Con Sting e Antonacci Roma capoccia del rock I presentatori Ambra Angiolini e Roberto Angelini dedicano la kermesse al grande Ray Charles scomparso: Suzanne Vega canta 'Luka'. Molto festeggiata la band milanese delle Vibrazioni.

Due ore di grande musica in un luogo magico. Ieri sera Sting ha cantato a Roma nella cornice del Circo Massimo e la capitale ha vissuto un altro di quei grandi eventi musicali e spettacolari che in questi anni hanno caratterizzato la vocazione culturale della citta'. Cinquecentomila alla fine gli spettatori, secondo gli organizzatori. Il grande interprete e' sceso nell'arena alle 22, ma il concerto era gia' iniziato alle 17. Sul grande palco si sono alternati gli Zen, Rufus Wainwright, The Veils, Suzanne Vega che sotto una cappa di caldo ha intrattenuto una piccola folla con una cover di 'Behind Blue Eyes' degli Who e le celebri 'Marlene On The Wall' e 'Luka'.
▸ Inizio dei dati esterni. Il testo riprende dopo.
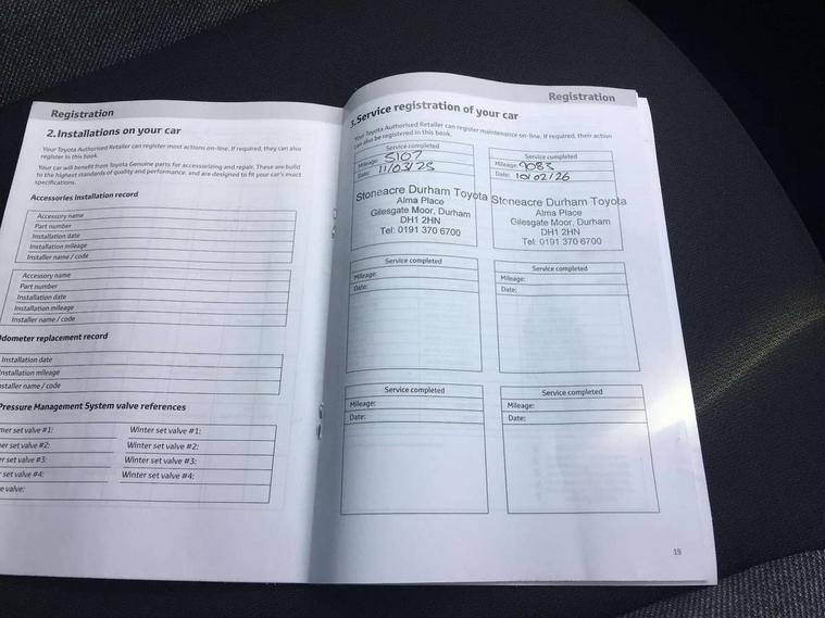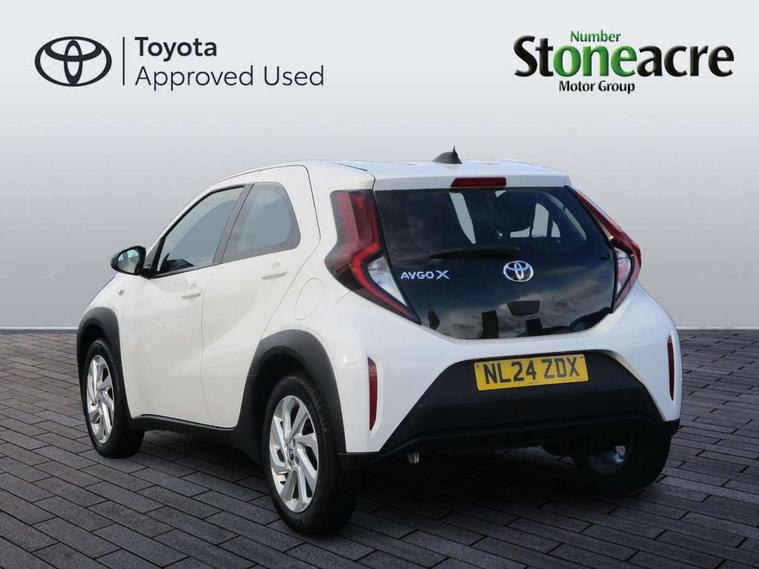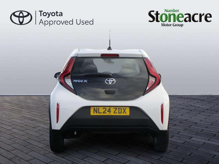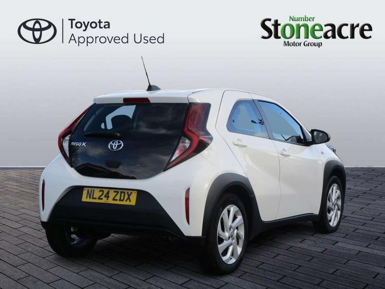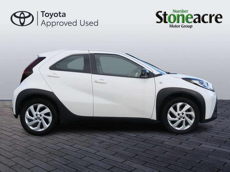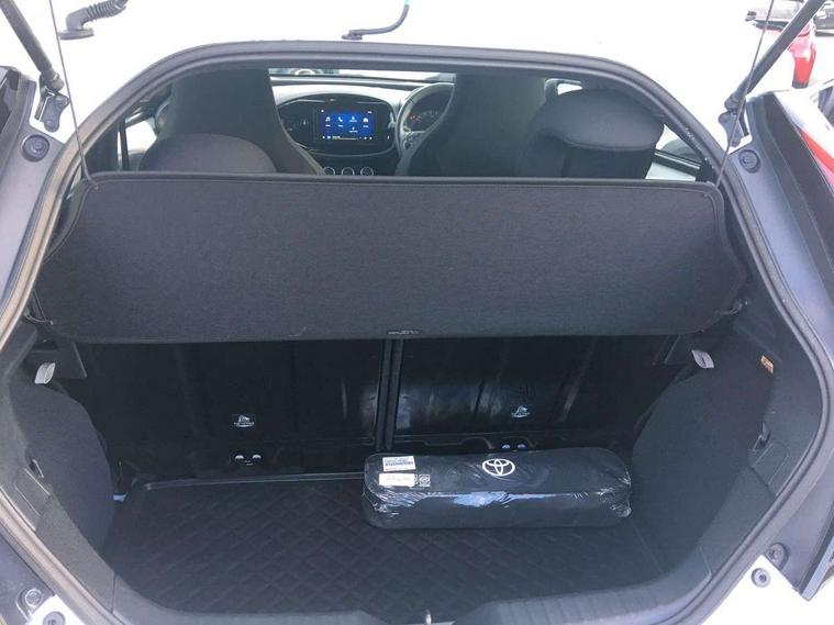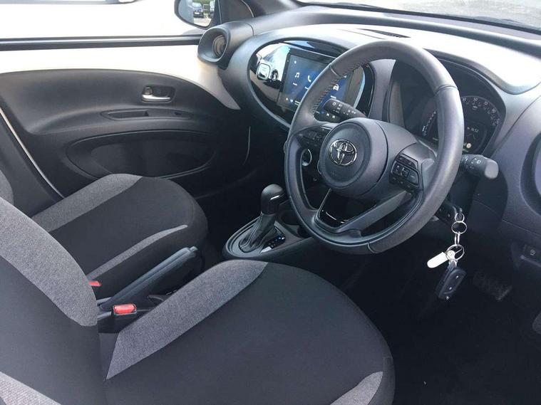 4.2" TFT colour screen, Adjustable speed limiter, Analogue speedometer, Bluetooth connectivity, Digital tachograph, Driver attention alert system, eCall emergency call system, ECO-driving indicator, Electric power steering, Intersection turn assist, Key reminder warning, Noise reduction kit, Pre collision system with emergency steering assist, Reversing camera with static guide lines, Smart phone integration with Apple car play/Android Auto, Speed limit display, Start and stop, Vehicle Stability Control (VSC), 4 speakers, 9" HD multimedia display touch screen with Toyota smart connect, DAB digital audio broadcast, USB connector, Auto headlights, Automatic headlights cut-off, Bicycle towing hook, Black lower front grille, Black rear bumper, Black side protection mouldings, Black upper front grille, Black wheel arch mouldings, Body colour door handles, Body coloured front bumper, Boot door scuff plate, Electric heated door mirrors, Follow me home headlights, Front power windows, Gloss black door mirrors, Headlight cut-off reminder, LED daytime running lights, LED front light guide, LED High mounted stop lamp, Manual day/night rear view mirror, Manual headlight levelling, Pagoda roof, Power adjustable door mirrors, Power back door, Projector halogen headlights, Rain sensor, Rear combination lights LED bulb type, Rear side wing doors, Rear windscreen defogger, Rear windscreen wiper, Short antenna, Variable intermittent windscreen wipers, 12v power outlet - front, 2 seat bench in 2nd row, 3 spoke leather steering wheel, 50/50 split folding rear seat, Adhesive roof headlining, Adjustable speed limiter switch on steering wheel, Audio and telephone switches on steering wheel, Black insert on steering wheel, Boot light, Centre room light, Chrome interior door handles, Chrome surround on air conditioning buttons, Clean air filter, Fabric upholstery, Floor mats, Front and rear cup holders, Front head rest deco art, Front head restraints, Gear shift indicator, Height adjustable driver seat, Intelligent adaptive cruise control switch on steering wheel, ISOFIX child restraint system on rear seats, Lane departure alert switch on steering wheel, Leather gearshift knob, Light grey roof lining, Manual air conditioning, Manual tilt steering wheel, Manually reclining and sliding driver seat, Manually reclining and sliding front passenger seat, Multimedia switches on steering wheel, Pollen filter, Rear door pockets, Rear head restraints, Resin console box storage, Satin silver insert on gear shift knob, Silver stitching on gear shift knob, Single compartment glovebox with lights, Single front passenger seat, Soft tonneau cover, Sun visors with mirror on driver and passenger side, Voice recognition switch on steering wheel, Toyota safety sense pack - Aygo X, Anti lock braking system + Electronic brake force distribution, Child safety door lock, Emergency brake light signal (EBS), Hill start assist control (HAC), Passenger airbag on/off switch, Seat belt reminder for front and rear seats, Supplement restraints system (SRS) - 6 airbags, Traction control, Tyre pressure warning system, Immobiliser, Remote power door locks, Black air vent surround, Black wheel centre caps, Tyre repair kit,

L'atmosfera si surriscalda ulteriormente con le Vibrazioni e il loro rock metallico intervallato da ballate come ''Dedicato a te''. Poi l'esibizione di Biagio Antonacci, prima di lasciare la scena a Sting che ha chiuso a Roma la sua breve tourne'e italiana. ''Sono contento di essere qui'' ha detto il cantante al sindaco Walter Veltroni che e' andato a trovarlo in camerino. Il concerto, nell'ambito del ''Cornetto Free Music Festival'', e' stato presentato da Ambra Angiolini e da Roberto Angelini che lo hanno dedicato a Ray Charles.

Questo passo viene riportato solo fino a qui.